Having put the finishing
touches to his nephew’s sitting-room and removed himself from Bloxham Mansions
in a cab, the Duke of Dunstable, feeling much better after his little bit of
exercise, had driven to Paddington Station and caught the 2.45 train to Market
Blandings in the county of Shropshire. For he had invited himself — he was a
man of too impatient spirit to hang about waiting for other people to invite
him — to spend an indefinite period as the guest of Clarence, ninth Earl of
Emsworth, and his sister, Lady Constance Keeble, at that haunt of ancient
peace, Blandings Castle.

The
postcard which he had dispatched some days previously announcing his impending
arrival and ordering an airy ground-floor bedroom with a southern exposure and
a quiet sitting-room in which he could work with his secretary, Rupert Baxter,
on his history of the family had had a mixed reception at the Blandings
breakfast table.

Lord
Emsworth, frankly appalled, had received the bad news with a sharp ‘Eh, what?
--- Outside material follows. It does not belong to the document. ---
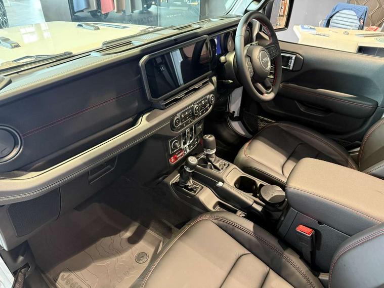 Active speed limiting device, Adaptive cruise control with Stop and Go, Apple car play/Android Auto, Audio Jack Input For Mobile Devices, Blind spot detection with rear cross path, Connected services (e-call), Drowsy driver detection, Emergency response assistance system, Exterior temperature gauge, Global positioning system(GPS), Instrument cluster with 7" colour TFT Display, Integrated Offroad camera, Jeep mapcare, Lane departure warning, Off road plus mode, Parksense front and rear park assist system, Power Steering, Select speed control, Trip computer, Vehicle information centre, 4.10 Rear axle ratio, 700 Amp Maintenance Free Battery, Dana M210 Heavy Duty Tube Front Axle, E-Locker rear axle, Electronic front sway bar disconnect, Electronic roll mitigation, Gasoline particulate filter, Heavy duty rock slider with step assist, Performance suspension, Rock-Trac Hd full time 4Wd system, Alpine premium audio system with subwoofer, Global telematics box module (TBM), Media Hub (SD, USB, Aux), Remote USB port, Steering wheel mounted audio controls, Uconnect 5 Nav with 12.3" Display, USB port A in second row, Auto dimming rear view mirror, Auto high beam, Auto high beam headlamp control, Automatic headlamp levelling, Automatic headlights, Black 3-Piece Hard Top, Black door handles, Black door mirrors, Black fuel filler door, Black hood decal, Centre high mounted stop light, Deep tint sunscreen glass, Exhaust system module, Exhaust system module Ii, Gorilla Glass, Headlamp off time delay, Heated rear window, Injection molded black front and rear bumpers, LED daytime running lights, LED front fog lights, LED Lowbeam, Halogen highbeam headlights, LED tail lamp, Molded-In-Colour Fender Flares (2-Pc), Power adjustable heated door mirrors, Power front windows with one touch, Rain sensor, Rear boot, Rear fog lamps, Rear side wing doors, Rear wiper, Side repeater flashers, Tinted windshield, Tow hooks, Trailer sway damping, Windshield wipers with intermittent and variable, Wrangler decal, 12V auxiliary power outlet in centre console, 12V auxiliary power outlet in rear, 3 seat bench in 2nd row, 4 way electric driver lumbar support, 60/40 split folding rear seat, 8 way electrically adjustable front seats, Auto temp controlled air conditioning, Bright interior accents, Centre console storage, Driver/passenger front seatback pockets, Floor + luggage area carpets, Freedom panel storage bag, Front centre armrest, Front headrests, Hardtop headliner, Headliner parts module, Heated front seats, Heated steering wheel, Illuminated front cupholders, Isofix child seat preparation, Leather wrapped gear shift knob, LED ambient lighting, Lockable glovebox, Nappa leather upholstery, Passenger assist handles, Power passenger lumbar adjust, Premium leather wrapped steering wheel, Rear compartment storage system, Rear luggage cover, Reclining front seats, Red switches, Single front passenger seat, Storage nets, Storage trays, Sunvisors with illuminated vanity mirrors, Three rear seats with head restraints, Tilt adjustable steering column, Smoker's pack - Wrangler, 3x3 point rear seatbelts, ABS, Anti lock 4-Wheel function Disc Hd Brakes, Driver / front passenger multi stage airbags, Electronic stability control, Front and rear side curtain airbags, Front driver/passenger side impact air bag system, Front side airbags, Full speed forword collision warning plus advanced brake assist, Hill start assist, Rear door child safety locks, Rear passenger seatbelt alert, Rear seat reminder alert, Selectable tyre fill alert, TPMS (Tyre pressure monitoring system), Traction control, Vehicle Dynamics Control System (VDC), Keyless entry, Keyless go with 'push to start' button, Locking fuel filler cap, Locking wheel nuts, Passive entry, Premium security alarm, Thatcham security equipment, Premium door trim panel, 17" alloy aluminium painted machine faced wheels with blue pad, Conventional spare tyre, Spare tyre cover, Tool kit,

Oh, I say, dash it!’ He had disliked the Duke in a dreamy way for forty-seven
years, and as for Rupert Baxter he had hoped never to be obliged to meet him
again either in this world or the next. Until fairly recently that efficient
young man had been his own secretary, and his attitude towards him was a little
like that of some miraculously cured convalescent towards the hideous disease
which has come within an ace of laying him low. It was true, of course, that
this time the frightful fellow would be infesting the castle in the capacity of
somebody else’s employee, but he drew small comfort from that. The mere thought
of being under the same roof with Rupert Baxter was revolting to him.